How to complete this task = Your answer should be the lines below from the one holding "A rendering shows" through the one holding "Left: A pre-construction", copied exactly and with nothing else.

Source material =

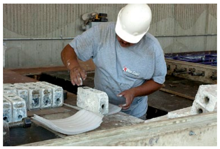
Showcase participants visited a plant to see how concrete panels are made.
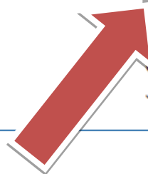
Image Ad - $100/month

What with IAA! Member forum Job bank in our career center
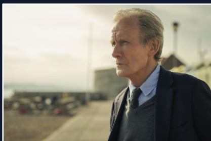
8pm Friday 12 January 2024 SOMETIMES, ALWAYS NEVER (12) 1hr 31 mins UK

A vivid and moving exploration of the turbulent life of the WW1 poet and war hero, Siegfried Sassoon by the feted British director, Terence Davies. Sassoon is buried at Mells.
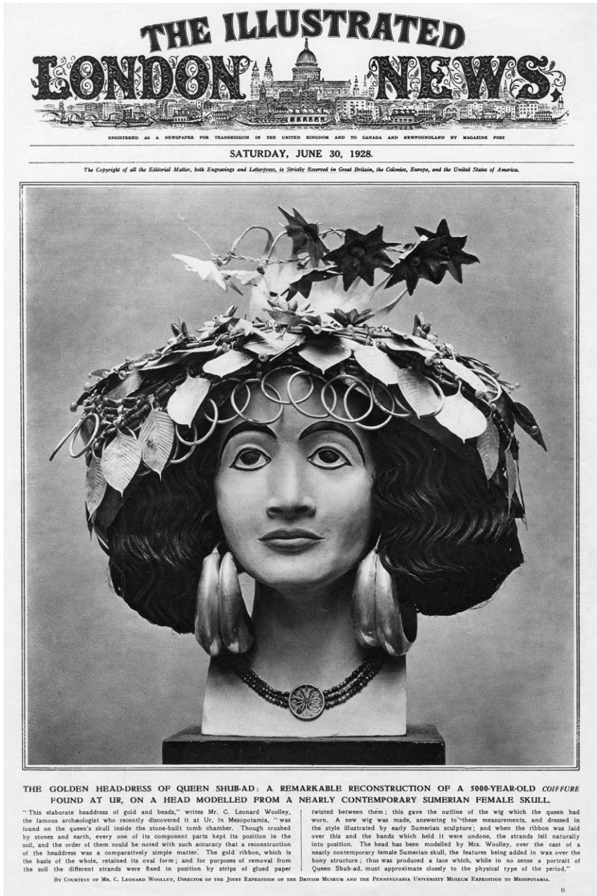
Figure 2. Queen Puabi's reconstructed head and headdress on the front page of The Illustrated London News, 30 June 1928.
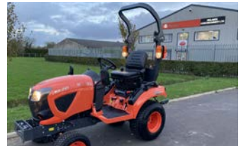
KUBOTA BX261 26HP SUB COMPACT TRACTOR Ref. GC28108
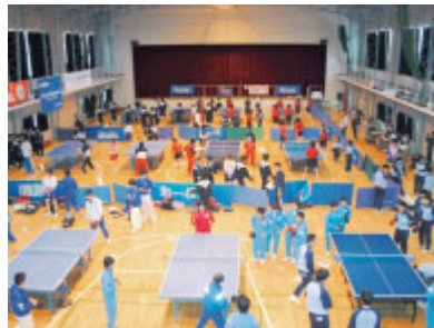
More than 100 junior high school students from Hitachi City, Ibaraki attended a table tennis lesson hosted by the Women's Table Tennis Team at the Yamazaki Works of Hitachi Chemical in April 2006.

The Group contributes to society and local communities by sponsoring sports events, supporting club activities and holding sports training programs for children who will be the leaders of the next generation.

...

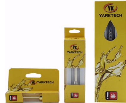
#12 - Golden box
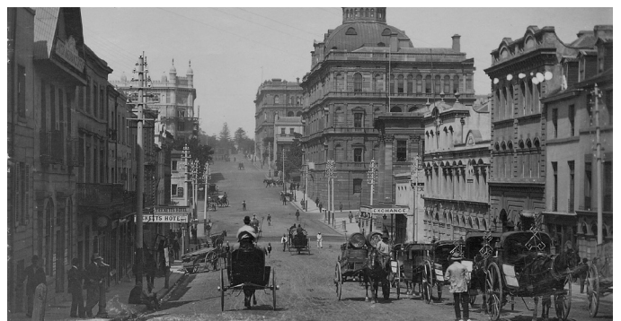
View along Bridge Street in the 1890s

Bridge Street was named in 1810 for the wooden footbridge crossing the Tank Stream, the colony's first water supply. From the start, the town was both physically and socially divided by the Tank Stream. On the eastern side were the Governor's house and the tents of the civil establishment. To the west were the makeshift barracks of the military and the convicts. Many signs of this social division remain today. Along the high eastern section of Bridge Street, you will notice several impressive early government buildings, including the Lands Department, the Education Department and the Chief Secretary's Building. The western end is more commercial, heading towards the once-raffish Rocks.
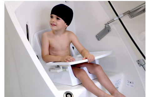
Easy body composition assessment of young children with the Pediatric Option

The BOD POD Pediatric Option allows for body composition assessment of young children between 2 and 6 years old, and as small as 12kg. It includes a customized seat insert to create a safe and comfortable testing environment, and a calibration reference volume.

...

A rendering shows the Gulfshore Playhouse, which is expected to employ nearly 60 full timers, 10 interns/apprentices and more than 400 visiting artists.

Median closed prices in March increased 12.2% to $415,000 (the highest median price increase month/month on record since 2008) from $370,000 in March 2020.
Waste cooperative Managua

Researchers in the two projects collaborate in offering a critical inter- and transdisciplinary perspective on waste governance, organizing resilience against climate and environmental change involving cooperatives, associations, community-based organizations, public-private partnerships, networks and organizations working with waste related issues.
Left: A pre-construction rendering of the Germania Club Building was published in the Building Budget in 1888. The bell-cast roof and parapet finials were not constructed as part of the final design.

Exercise answer =
A rendering shows the Gulfshore Playhouse, which is expected to employ nearly 60 full timers, 10 interns/apprentices and more than 400 visiting artists.

Median closed prices in March increased 12.2% to $415,000 (the highest median price increase month/month on record since 2008) from $370,000 in March 2020.
Waste cooperative Managua

Researchers in the two projects collaborate in offering a critical inter- and transdisciplinary perspective on waste governance, organizing resilience against climate and environmental change involving cooperatives, associations, community-based organizations, public-private partnerships, networks and organizations working with waste related issues.
Left: A pre-construction rendering of the Germania Club Building was published in the Building Budget in 1888. The bell-cast roof and parapet finials were not constructed as part of the final design.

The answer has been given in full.